Come sempre, Google ci ricorda anche che non ci sono segnalazioni di utenti interessati da questi problemi e hanno una procedura raccomandata per aiutare a evitare che i dispositivi cadano vittime di questi e problemi futuri:
- Lo sfruttamento per molti problemi su Android è reso più difficile dai miglioramenti nelle nuove versioni della piattaforma Android. Incoraggiamo tutti gli utenti ad aggiornare all'ultima versione di Android ove possibile.
- Il team di sicurezza di Android sta monitorando attivamente gli abusi con Verify Apps e SafetyNet, che avviserà l'utente in merito all'installazione di applicazioni potenzialmente dannose rilevate. Gli strumenti di rooting dei dispositivi sono vietati in Google Play. Per proteggere gli utenti che installano applicazioni all'esterno di Google Play, Verifica app è abilitato per impostazione predefinita e avvisa gli utenti delle applicazioni di rooting note. Verifica App tenta di identificare e bloccare l'installazione di applicazioni dannose note che sfruttano una vulnerabilità di escalation di privilegi. Se tale applicazione è già stata installata, Verifica App avviserà l'utente e tenterà di rimuovere tali applicazioni.
- Se del caso, le applicazioni di Google Hangouts e Messenger non passano automaticamente i media a processi come mediaserver.

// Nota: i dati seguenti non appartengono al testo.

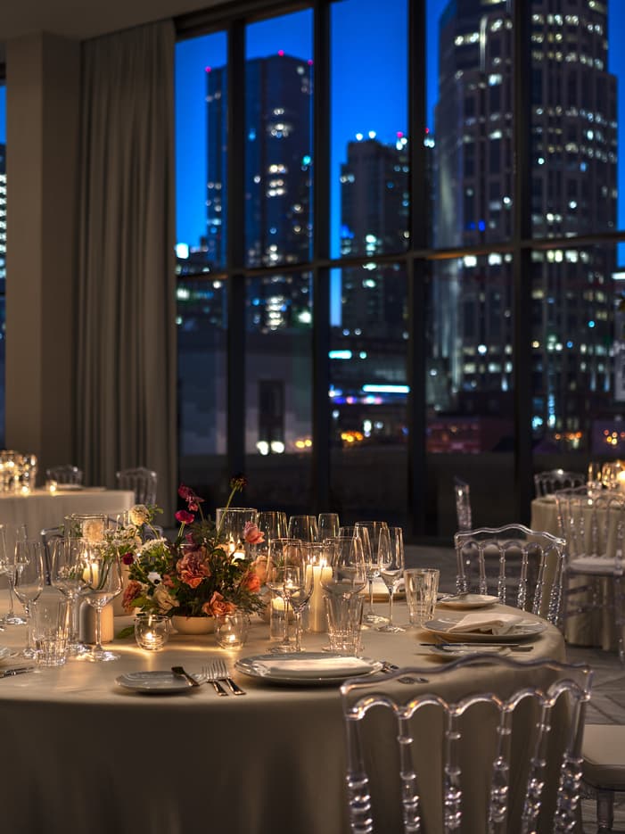 Unique Nashville VenuesSet against the backdrop of the Cumberland River and downtown Southern Broadway, our venues draw inspiration from Nashville’s rich heritage and scenic surroundings. Whether you’re planning a grand celebration or an intimate dinner, Four Seasons service ensures every detail shines.

Per quanto riguarda le questioni menzionate nel precedente bollettino
Il 18 marzo 2016 Google ha pubblicato un bollettino sulla sicurezza supplementare separato relativo ai problemi del kernel Linux utilizzato su molti telefoni e tablet Android. È stato dimostrato che un exploit nelle versioni 3.4, 3.10 e 3.14 del kernel Linux utilizzato in Android ha permesso di compromettere in modo permanente i dispositivi - rootati, in altre parole - e che i telefoni interessati e altri dispositivi avrebbero richiesto un nuovo flash del sistema operativo per recuperare. Poiché un'applicazione è stata in grado di dimostrare questo exploit, è stato rilasciato un bollettino di metà mese. Google ha anche affermato che i dispositivi Nexus avrebbero ricevuto una patch "entro pochi giorni". Quella patch non si è mai materializzata e Google non fa menzione del perché nell'ultimo bollettino sulla sicurezza.
Il problema - CVE-2015-1805 - è stato completamente corretto nell'aggiornamento della sicurezza del 2 aprile 2016. I rami AOSP per Android versioni 4.4.4, 5.0.2, 5.1.1, 6.0 e 6.0.1 hanno ricevuto questa patch e l'implementazione sull'origine è in corso.
Google menziona inoltre che i dispositivi che potrebbero aver ricevuto una patch datata 1 aprile 2016 non sono stati patchati contro questo particolare exploit e che solo i dispositivi Android con un livello di patch datata 2 aprile 2016 o successivo sono aggiornati.
L'aggiornamento inviato a Verizon Galaxy S6 e Galaxy S6 edge è datato 2 aprile 2016 e contiene queste correzioni.
L'aggiornamento inviato a T-Mobile Galaxy S7 e Galaxy S7 edge è datato 2 aprile 2016 e contiene queste correzioni.
La build AAE298 per i telefoni BlackBerry Priv sbloccati è datata 2 aprile 2016 e contiene queste correzioni. È stato rilasciato a fine marzo 2016.
I telefoni che eseguono una versione del kernel 3.18 non sono interessati da questo particolare problema, ma richiedono comunque le patch per altri problemi risolti nella patch del 2 aprile 2016.